There are many ways society influences the work of scientists. The direct one is economic. We collectively choose which research to fund, and individually we choose which products to pay for from that research.
Prestige is indirect, but very effective. Most scientists care about their legacy. When we look back at the nuclear age, for example, when we choose to make a film about Oppenheimer among the scientists of that era, we ask today’s scientists what we value. It sends a signal about what is going on. By selecting the Nobel Prize recipient from among those currently working on AI, the Nobel Prize Committee sets up strong incentives for current and future AI researchers.
Although it is too late to change the events of the 20th century, we can hope for better results with AI. We can start by looking to the field of machine learning, which focuses on rapid development of capabilities. Instead, like Newton-Rex and Whittaker, they insist on engaging with and evaluating the context of their work, as well as responding to changing circumstances. Paying attention to what scientists like them have to say offers the greatest hope for the positive development of science now and in the future.

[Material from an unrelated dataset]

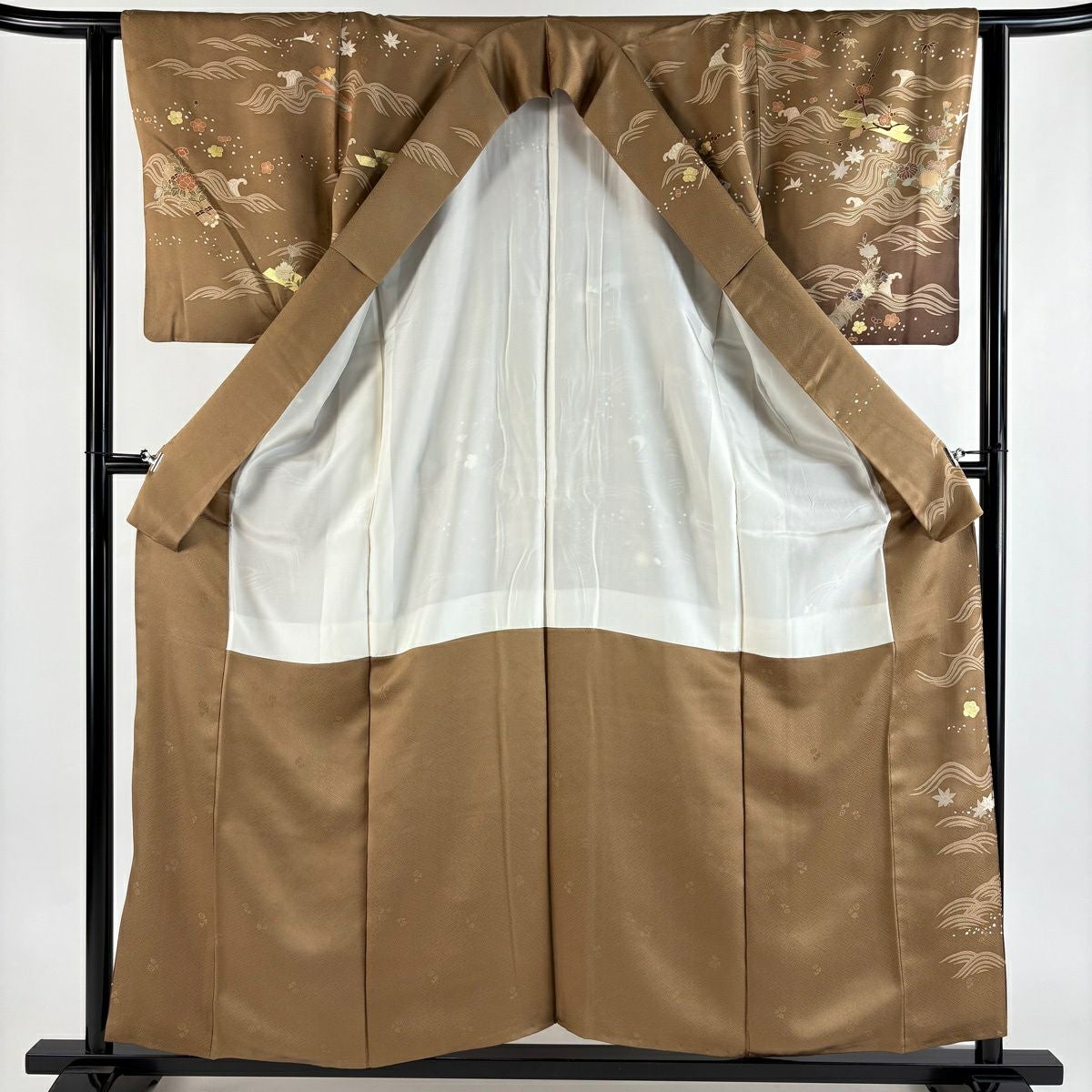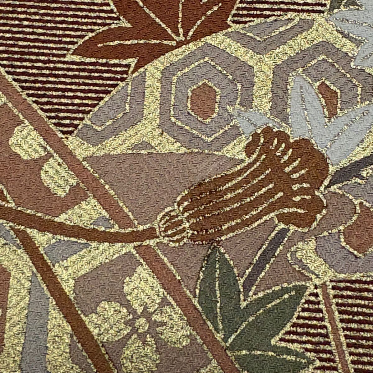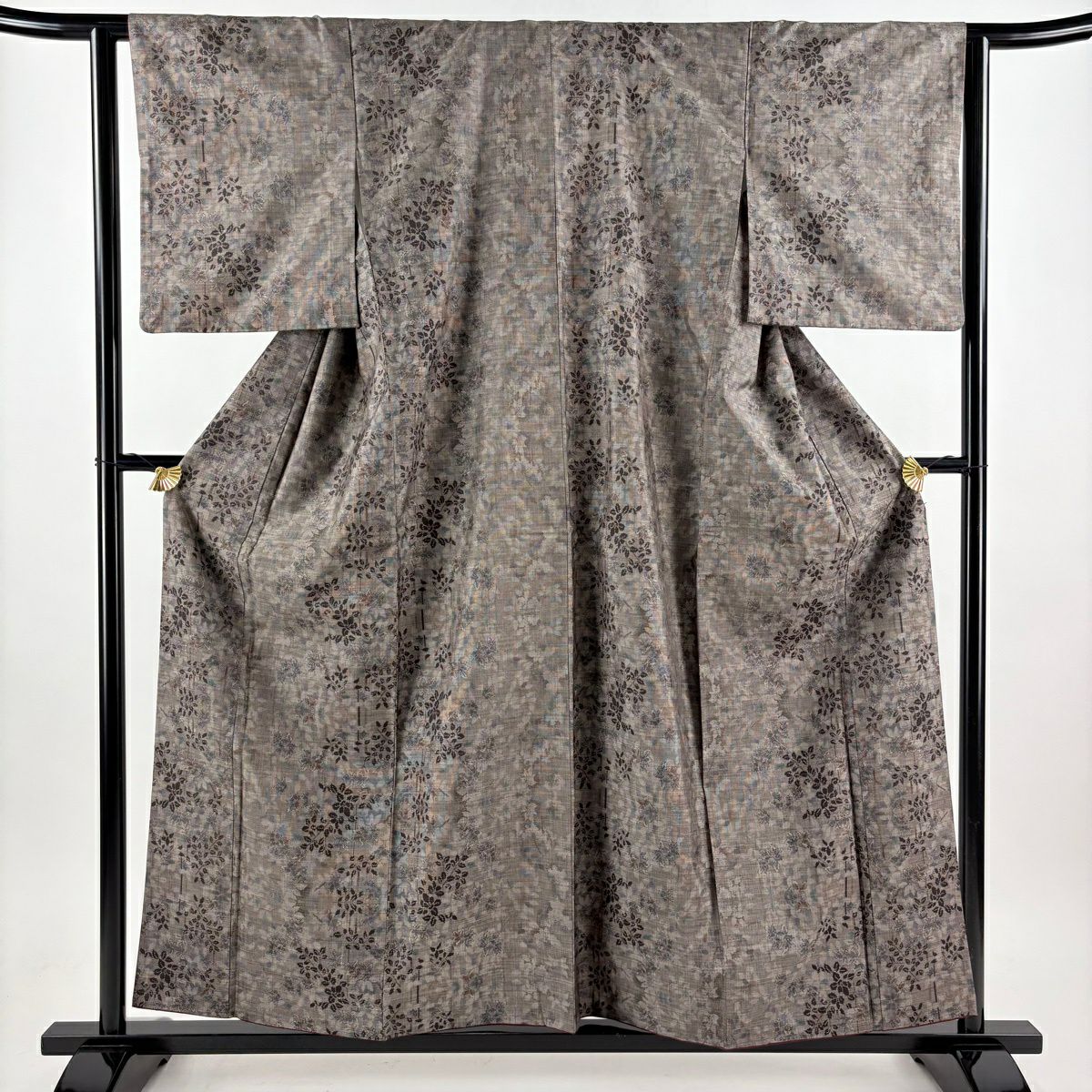 訪問着 身丈160cm 裄丈65cm M 袷 草花 霞 箔 金銀彩 焦茶色 正絹 秀品

As a society, we can choose who to elevate, emulate, and maintain as role models for the next generation. As the nuclear age teaches us, now is the time to consider how any application of scientific discoveries can be applied to who among today’s scientists is, rather than to the values of the world in which we currently live. Now is the time to carefully assess whether we reflect the values of the world in which we want to live.
This is an opinion and analysis article and the views expressed by the author are not necessarily those of the author. scientific american.